"Un quartier agréable à vivre".....
Les Hauts-de-Seine est le département le plus riche de France (son PIB de 90 milliards dépasse celui de Bruxelles et de Barcelone réunis).
Dans ma jeunesse, j'habitais Vaucresson et j'allais au lycée de Saint-Cloud, puis à la fac de droit d'Assas. J'ai vu les rixes opposant Occident (dont Devedjian était un membre "actif") et l'extrème-gauche, qui ravageaient en 1965 le hall de la fac, sans pitié pour ceux qui tombaient à terre, roués de coups (bousculant même une fois le doyen Georges Vedel qui tentait de s'interposer, le malheureux !). Ca m'écoeurait.

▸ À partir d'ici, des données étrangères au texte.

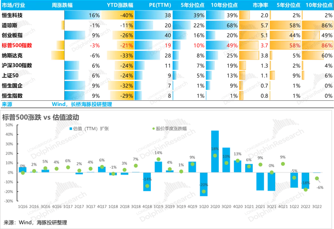 陪同三季度巨头陨落的盛行雨,环球股指本年到现在跌幅广泛都到达了20-30%之间,从估值的角度,标普500指数的PE估值只有已往五年估值汗青分位的8%左右,看起来充足自制。 那么,到现在这个位置,加息走到那里了?估值到底杀完了吗?估值杀完了之后,会有业绩杀吗?业绩杀到底会有多惨烈? 这两大题目险些是压在海豚君所看的大多数公司的两座大山。因此海豚君在深入分析个股之前,先实验从个股和宏观层面粗浅地探究一下这两大题目。 一、估值杀:加息到底有完没完? 本年年初以来,美联储颠末六次加息(前两次25、50+迩来四次每次75个基点)后,美联储的政策利率已经从零利率(0-25个基点)加快推进到了3.75%-4%。 在观察几个核心指标:(1)9月核心CPI 6.7%,加息启动以来的九个月内颠簸在6%-6.7%之间;(2)9月核心PCE 5.15%,九个月颠簸在4.7-5.4%。尤其是9月单月,在加息大步快跑追赶通胀过程中,通胀环比同比好像都在拉大。 由于环球上一波通胀的汗青太过长远,而从长周期从有限的汗青信息来看,之前每一轮通胀周期当中,美联储加息之后政策利率的顶点都明白凌驾了当轮核心PCE通胀率的顶点。 那么有一种很大的大概是,当市场好像把利率预期到5.0-5.5%左右的时间,市场真实利率(相对于需求侧驱动的通胀率)渐渐转正,加息有盼望渐渐到顶。 以9月5.15%的核心PCE作为参照,当前政策利率在4%,只必要两次50个基点+一次25个基点就能到达。而美联储11月加息集会公布后,市场正在打满这个预期: 从海豚君11月3日在彭博上截取的市场对加息的预期根本对应接下里12月和1月的加息当中各加50个基点,跟上通胀率水准,然后进入慢加息或高位停滞,到2023年下半年开始有人预期会降息。 这一轮美联储加息三阶段:“加息踩油门、利率高水准、高息拉锯战”。在这三阶段中,如果接下来两次用75+50的组合,会敏捷把利率推升到逾越当前核心PCE的区间,因此加息踩油门根本进入尾声,这个也是美联储在最新的加息集会上转达的核心信息。放缓加息速率之后,剩下最紧张的题目是加息的止境在那里,以及在这个止境位置上要停顿多久。 而如果参考之前的加息周期每次都凌驾核心PCE的情况,把加息的止境预期在5.25-5.5%左右,当期预期5-5.25%的止境预期,也正在靠近这个临界点。尤其是在渐渐靠近止境的情况下,越快的加息速率除了临时性的惊吓,很大概是会让市场接下来以为越来越靠近于加息的止境。 在这一波加息速率和止境不绝抬升的过程中,无风险资产美债收益率不绝攀升,导致环球权益市场广泛遭遇了杀估值。进入紧缩性高利率要维持多久的阶段,这个对于海豚君重点关注的港、美市场来说,有着完全差异的意味: 1).港股作为美元的外围市场而承载的紧张是本地资产,强美元周期内,美元连续流出导致估值在各大市场中完全垫底。而加息到顶、运动性企稳,对港股来说是卸掉了一座大山;而业绩根本面上跟随本地政策,港股以地产和科技股为核心的公司已经履历了最差时间,背面有修复预期,由超低估值作为安全边际,港股的时机大概正在靠近,宏观方面真正的风险着实紧张就剩下退市题目。 2). 而对于美股资产而言,加息最猛的阶段已往,但高息恒久维持,更多是要让经济充实领受高息的“寒气”,让高借贷本钱传导到每一个本币计价谋划的行业,换句话说,高息连续多久影响的是美股公司的业绩根本面是否会烂掉。 从控制通胀的角度,在就业率居高不下的情况下,是必要把赋闲率打上去,经济进入微阑珊状态,才气冲破人力不敷、薪资上涨、物价上涨的循环当中,从美联储9月份的经济猜测数据中也能看到这个意图。 以是,对于接下来的美股,走出体系性杀估值的压力之后,接下来一个阶段会更加侧重公司根本面本身的表现。接下来,海豚君就从根本面的角度,看一下美国经济到底走到那里了? 二、个股巨头里的宏观眼:“巨头陨落”流星雨背后的 B、C二极分化 一个词来概括刚刚落下的美股三季度财报季的话,“巨头陨落”恐怕是最点题的形貌。海豚君覆盖的巨头当中,苹果成为美股巨头中唯一还算坚挺的脊梁骨,微软、谷歌、亚马逊、Meta都已悉数卧倒。 而细致看这里的卧倒,更多是预期的“卧倒”,四序度指引一概差,思量到指引本身有公司市值管理、预期引导等主观性因素,海豚君重点来观察三季度现实业绩本身所隐含的核心信息: 1)本土业务增长不逊色 从互联网科技五巨头的团体收入增长来看,五巨头北美业务收入(用只管精准意义上的美国地域收入,如无美国再用近似地域代替)三季度不但没有低落,反而还在加快增长,没有巨头们指引得那么悲观。 2)to C交易强于to B交易 而具体分类可以看到,这波边际厘革当中,面向to B客户的交易创能变差的速率显着快于面向 to C客户的交易: a). to B业务之广告:广告平台广泛赚的是企业主的广告预算,收入增长放缓的坡度非常快,团结海豚君上篇对广告板块的综述《寒气转达接力赛,谷歌、Meta没有免死令》,广告主不看好谋划远景应该是很大的因素。 b.) to B 业务之公有云:云业务对应的是企业主对于IT付出的预算。可以看到,除了谷歌由于基数较低之外,三大公有云巨头的收入增长团体显着放缓,增速从三季度40%敏捷拉低到31%。 C.) 而 to C交易更能挺:相比于团体 to B业务的拉胯,做to B交易的实物商品贩卖好像日子更好过一些,固然苹果和亚马逊这个季度都有本身的特殊因素

Plus tard, toujours dans ma prime jeunesse j'ai du faire quelques fois le coup de poing contre les attaques d'Ordre Nouveau (ex-Occident), j'en porte encore une belle cicatrice (mes adversaires aussi

).
Les Devedjian, Longuet, Schuller, se sont reconvertis dans les cabinets ministériels en bons fils de famille. L'histoire est connue, et répétitive (lire "l'enfance d'un chef" de Sartre" c'est l'histoire d'un engagement en faveur des prolétaires, mais la trajectoire est la même au final, retour à la mangeoire

)
Cinquante années plus tard, je m'interroge sur ce que provoque en moi la nouvelle de la disparition de Devedjian.

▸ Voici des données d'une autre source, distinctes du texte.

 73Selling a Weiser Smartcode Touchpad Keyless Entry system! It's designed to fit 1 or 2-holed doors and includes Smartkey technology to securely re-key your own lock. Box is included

Il a bien mérité de la patrie des possédants dont il défendait les privilèges et avantages, sans faiblir.
Au crédit de cet homme exalté je porte son activisme pour faire reconnaître le génocide arménien (ses origines familiales), son opposition résolue à l'entrée de la Turquie musulmane dans l'Europe. C'est tout.

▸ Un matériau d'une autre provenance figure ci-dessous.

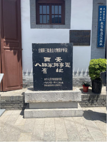 进入大门 ,讲解员在门口讲解道“这里曾是中共中央先后设立的秘密交通站、红军联络处、国民革命军第八路军驻陕办事处的所在地,周恩来、朱德、刘少奇等老一辈革命家都在这里留下了工作和奋斗的足迹。”
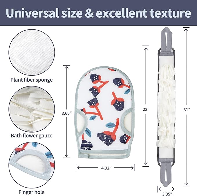 - 【Exfoliating Scrubber Set】This blue-flower set includes 1 exfoliating scrub mitt and 1 long bath scrub washcloth. The 2-in-1 mitt & washcloth are made of green and eco-friendly plant fiber sponge, one side is rough scrub surface suitable for exfoliating dead skin, and the other side is loofah mesh yarn for easy and long-lasting lather in the shower.
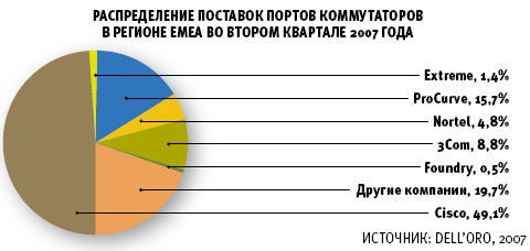Представленный ProCurve Networking by HP высокопроизводительный коммутатор ядра сети Switch 8212zl — свидетельство того, что компания не собирается снижать набранные в последнее время темпы. По данным Dell’Oro Group, во втором квартале поставки компании (в суммарном числе портов) увеличились на 46% по сравнению с тем же периодом прошлого года, в то время как соответствующий показатель мирового рынка составил 21%. Как результат продажи коммутаторов ProCurve составили, согласно Dell’Oro, во втором квартале 240 млн. долл., продажи находящейся на третьем месте компании Nortel Networks — 140 млн. долл. Со значительным отрывом на рынке коммутаторов с квартальными продажами, превысившими 3 млрд. долл., лидирует Cisco Systems. В регионе EMEA третью строчку рейтинга занимает 3Com, но два лидера — те же.
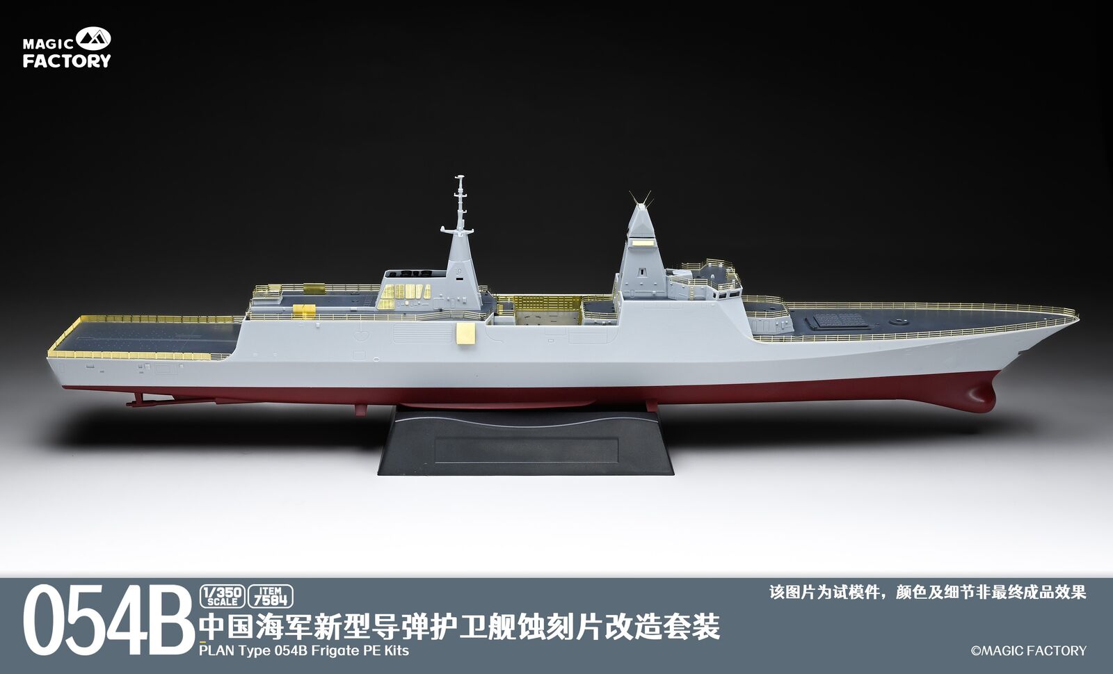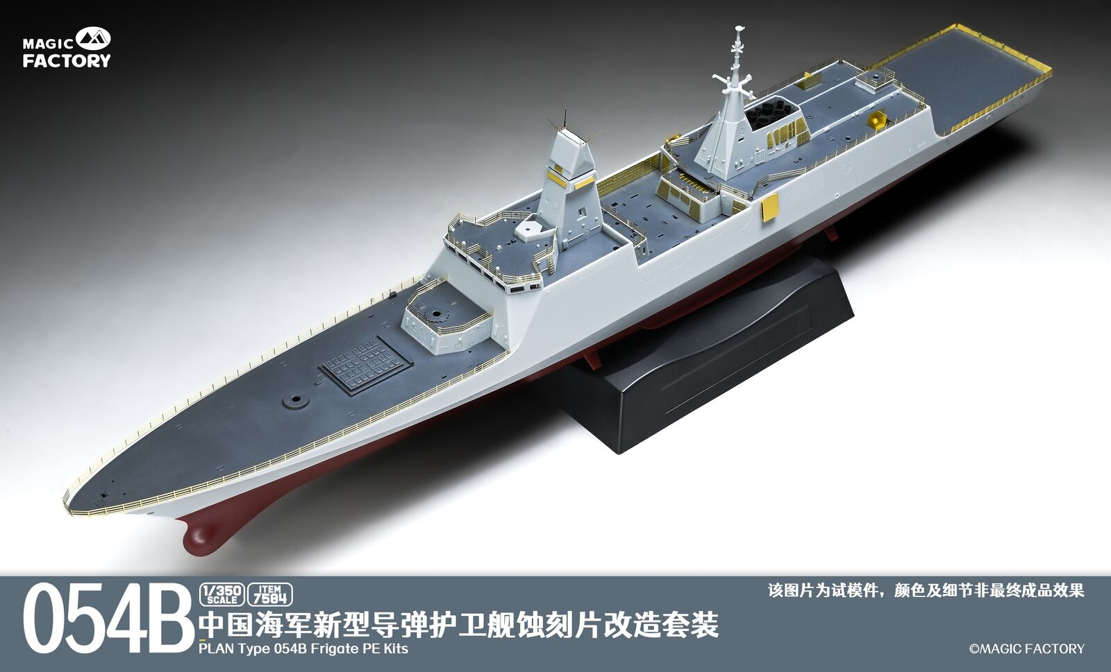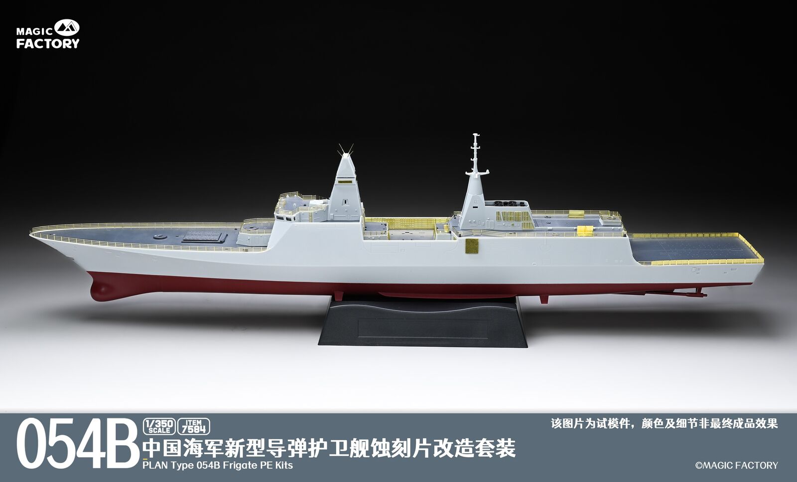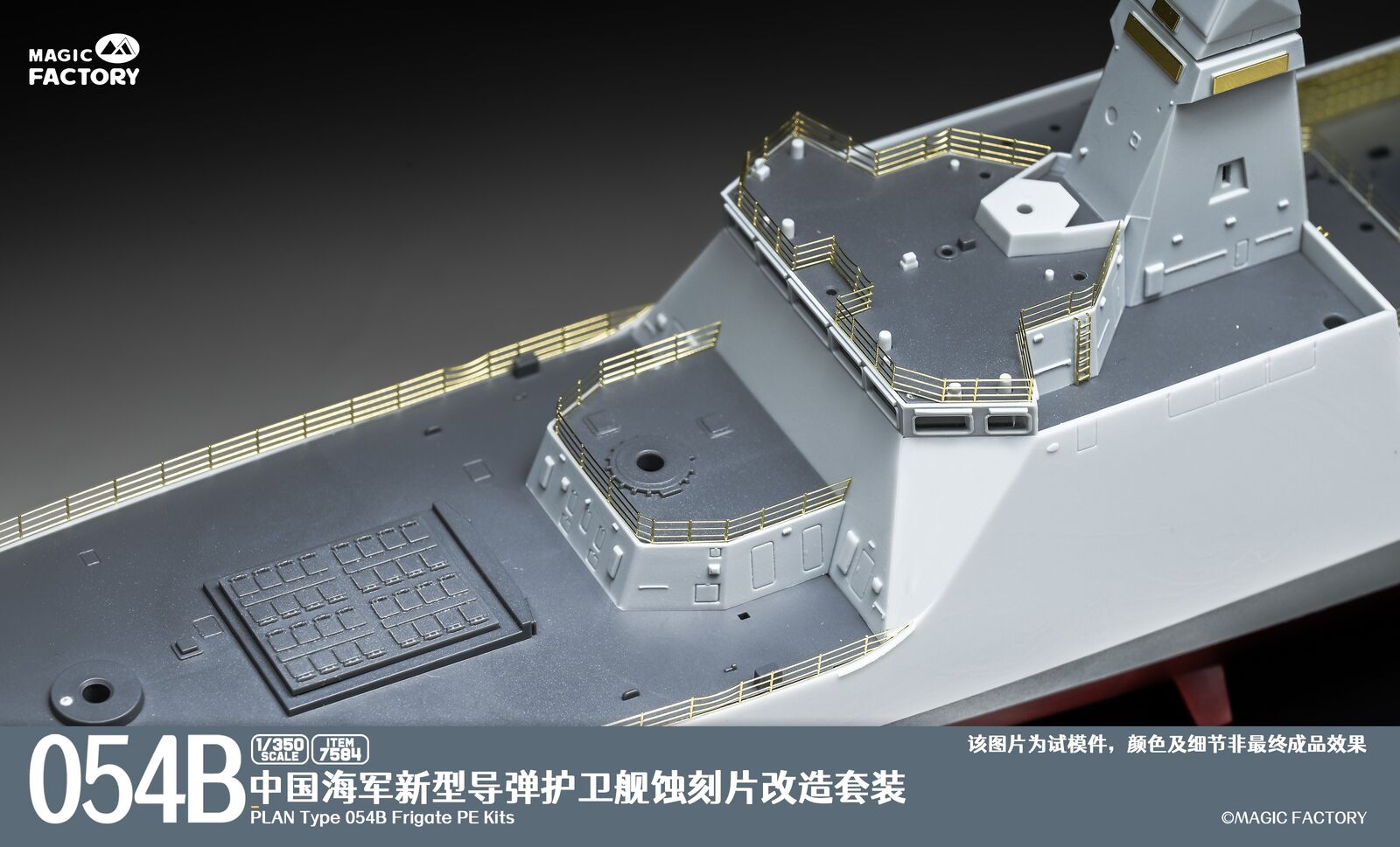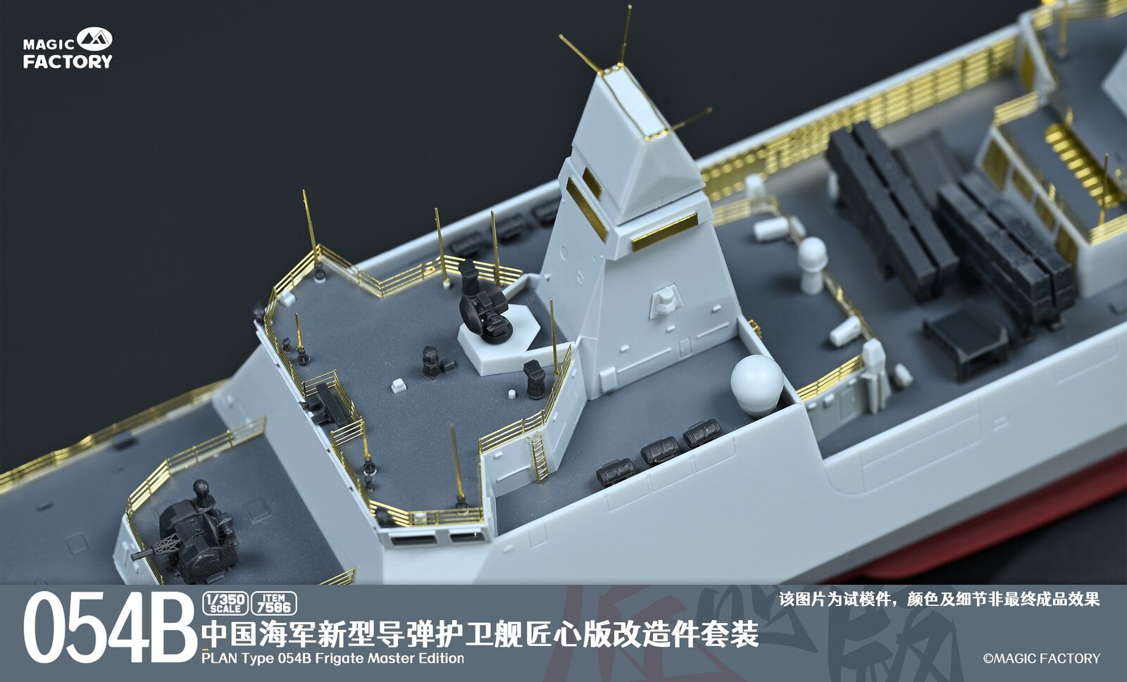 Same as our 1/350 Type 055 Destroyer, our new item also cement-free and pre-colored which is friendly to all kinds of modelers. The core of the design is still excellent assembly experience! Type 054B Frigate is the newest frigate of PLAN and already launched and tested in 2023. It is a development of the Type 054A frigate, and is around 50% larger than its predecessor(Displacement around 6,000 tons). Pennant number 555 name Qinzhou(钦州) and now is still under sea trials.

Outre ses choix politiques réactionnaires, je n'aimais pas sa brutalité verbale, qui se manifestait à l'occasion (le Canard enchaîné en rendait régulièrement compte, ça me rappelait ma jeunesse

)
Mais il est mort de cette saloperie de virus, et devant la mort il n'y a plus rien à dire.
Donc, bonne chance en enfer ou ailleurs, je ne suis pas chrétien.